Last week I debugged this issue further and found something (Thanks to
Gang Yan for his help): when mptcp bpf sched selftests fail, the memory
limit check (if (sk_rmem_alloc_get(sk) > sk->sk_rcvbuf)) is always true
in __mptcp_move_skbs_from_subflow(), at this time sk->sk_receive_queue
is empty, but no skb is moved from this subflow to sk-
>sk_receive_queue, which causes the transmission to fail.
One fix is to also consider the case where sk->sk_receive_queue is
empty when doing the memory limit check:
- if (sk_rmem_alloc_get(sk) > sk->sk_rcvbuf)
+ if (sk_rmem_alloc_get(sk) > sk->sk_rcvbuf &&
+ !skb_queue_empty(&sk->sk_receive_queue))
break;
In addition, this memory limit check was moved from the end of do {}
while (more_data_avail) to the front in the commit e0ca4057e0ec
("mptcp: micro-optimize __mptcp_move_skb()"), so another better fix is
to restore this check to the end of do {} while () so that move skbs
from this subflow to sk->sk_receive_queue always has a chance to do at
least once:
@@ -587,9 +587,6 @@ static bool __mptcp_move_skbs_from_subflow(struct
mptcp_sock *msk,
struct sk_buff *skb;
bool fin;
- if (sk_rmem_alloc_get(sk) > sk->sk_rcvbuf)
- break;
-
/* try to move as much data as available */
map_remaining = subflow->map_data_len -
mptcp_subflow_get_map_offset(subflow);
@@ -634,6 +631,8 @@ static bool __mptcp_move_skbs_from_subflow(struct
mptcp_sock *msk,
WRITE_ONCE(tp->copied_seq, seq);
more_data_avail = mptcp_subflow_data_available(ssk);
+ if (sk_rmem_alloc_get(sk) > sk->sk_rcvbuf)
+ break;
} while (more_data_avail);
I think this is the root cause of #487, I would like to hear your
opinions on which fix is better.
Thanks,
-Geliang
>
> WDYT?
>
> Thanks,
> -Geliang
>
> [1]
> https://patchwork.kernel.org/project/mptcp/cover/cover.1722502941.git.tanggeliang@kylinos.cn/
>
> >
> > It is now a bit hidden in the middle of #487, but if I'm not
> > mistaken,
> > it is OK to get EAGAIN with a blocking send() **if** SO_SNDTIMEO is
> > used, and in case of timeout.
> >
> > See:
> > https://github.com/multipath-tcp/mptcp_net-next/issues/487#issuecomment-2485577676
> >
> > So I think the question should be: is it normal to block for longer
> > than
> > the timeout period (which is a "long" period, no?)?

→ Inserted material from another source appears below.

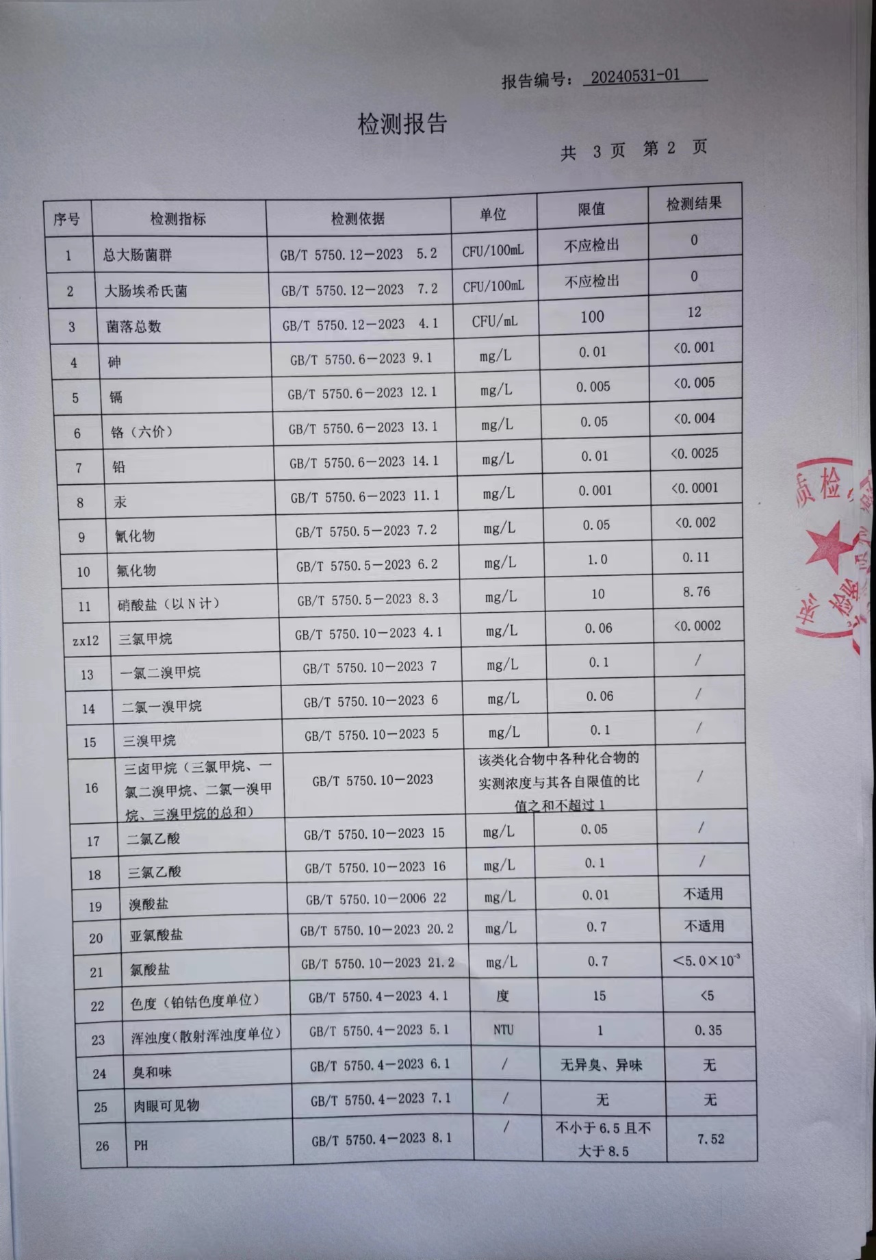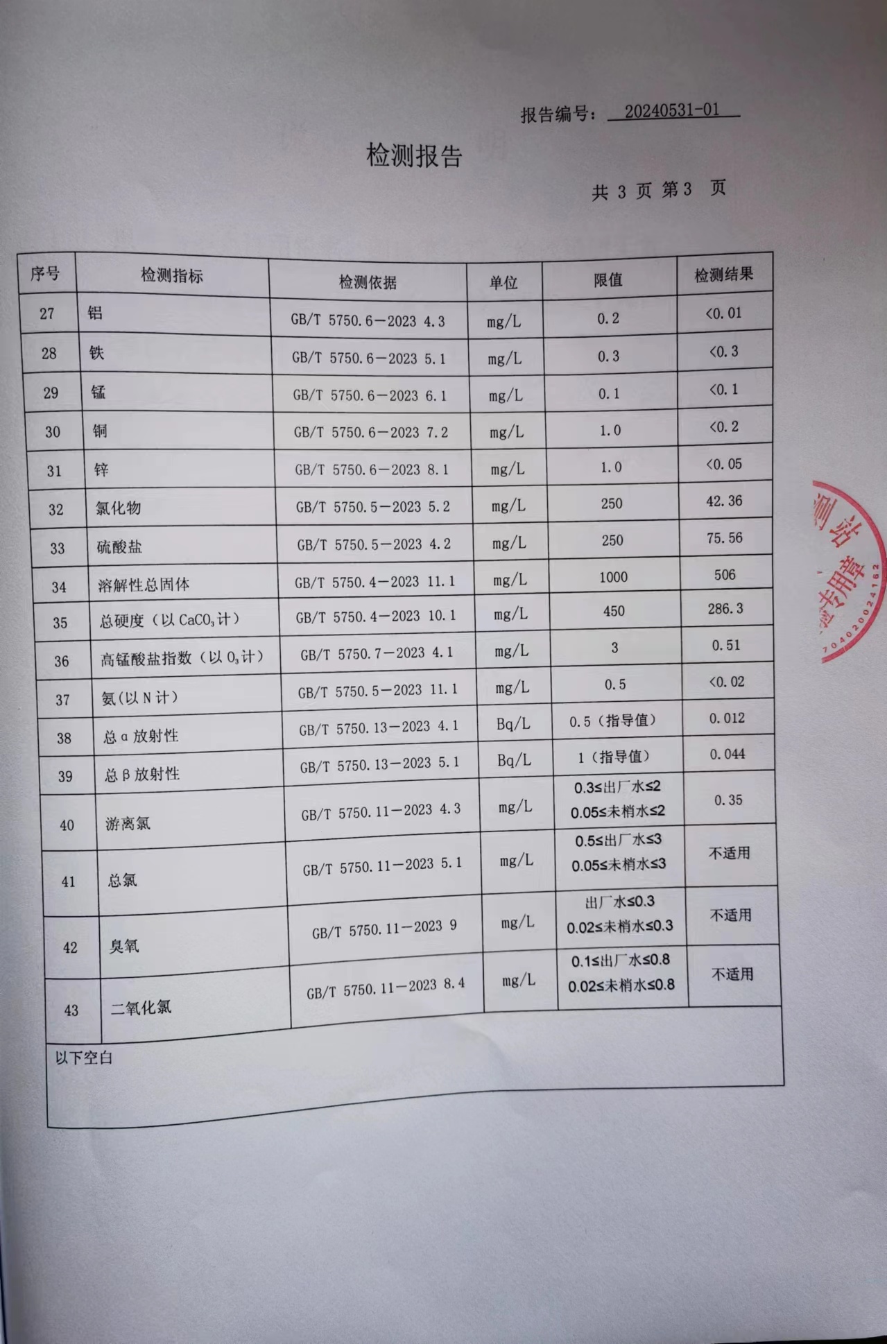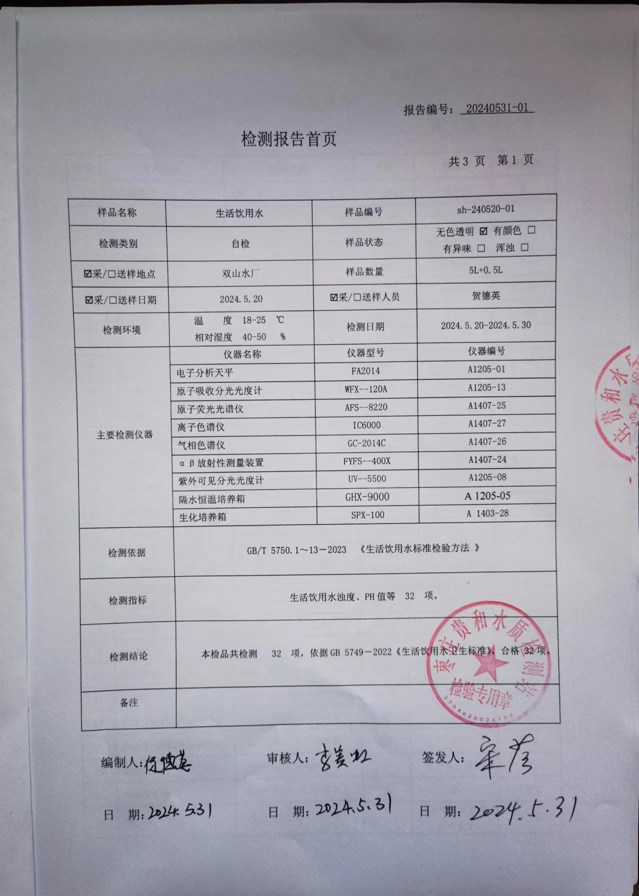 【出厂水】2024年5月份山亭区自来水厂出厂水检测报告

If yes, then
> > limiting the send buffer might be a solution, but as Mat said, it
> > looks
> > better to understand the root cause than hiding a bug :)
> >
> > Cheers,
> > Matt
Hi Geliang -
On Sun, 29 Jun 2025, Geliang Tang wrote:
> Hi Mat, Matt,
>
> On Mon, 2025-06-16 at 14:34 +0800, Geliang Tang wrote:
>> Hi Matt, Mat,
>>
>> On Sun, 2025-06-15 at 23:29 +0200, Matthieu Baerts wrote:
>>> Hi Mat, Geliang,
>>>
>>> On 14/06/2025 01:11, Mat Martineau wrote:
>>>> On Thu, 29 May 2025, Geliang Tang wrote:
>>>>
>>>>> From: Geliang Tang <tanggeliang@kylinos.cn>
>>>>>
>>>>> Good news! I finally solved the unstable issue of MPTCP BPF
>>>>> sched
>>>>> selftests
>>>>> I reported a year ago, #487 "send() fails with EAGAIN in
>>>>> blocking
>>>>> IO
>>>>> mode".
>>>>>
>>>>> The fix is simple, it can be solved by explicitly setting
>>>>> SO_SNDBUF
>>>>> sockopt, but be sure not to set SO_RCVBUF at the same time
>>>>> (see sk->sk_userlocks & SOCK_RCVBUF_LOCK in
>>>>> mptcp_rcv_space_adjust()).
>>>>>
>>>>> With this fix, BPF sched selftests are now very stable, I run
>>>>> loop
>>>>> testing
>>>>> using mptcp-upstream-virtme-docker (run_loop run_bpftest_all),
>>>>> and can
>>>>> run
>>>>> it normally for hundreds of times without error:
>>>>>
>>>>
>>>> Hi Geliang -
>>>>
>>>> I can see how changing SO_SNDBUF on the sending socket side would
>>>> shift
>>>> timing behavior in a way that affect the test outcome, but it
>>>> doesn't
>>>> address the root issue with bug #487:
>>>>
>>>> It is either OK to get an EAGAIN from a blocking send(), or it's
>>>> not OK.
>>>>
>>>>
>>>> If it's not ok to ever return EAGAIN from a blocking send, the
>>>> existing
>>>> test code is a reproducer for a bug, and changing the test is
>>>> hiding
>>>> that bug.
>>>>
>>>> If EAGAIN is ok, then we should change the code in
>>>> send_recv_server() to
>>>> allow it.
>>
>> I did try to handle EAGAIN in send_recv_server() but it didn't work.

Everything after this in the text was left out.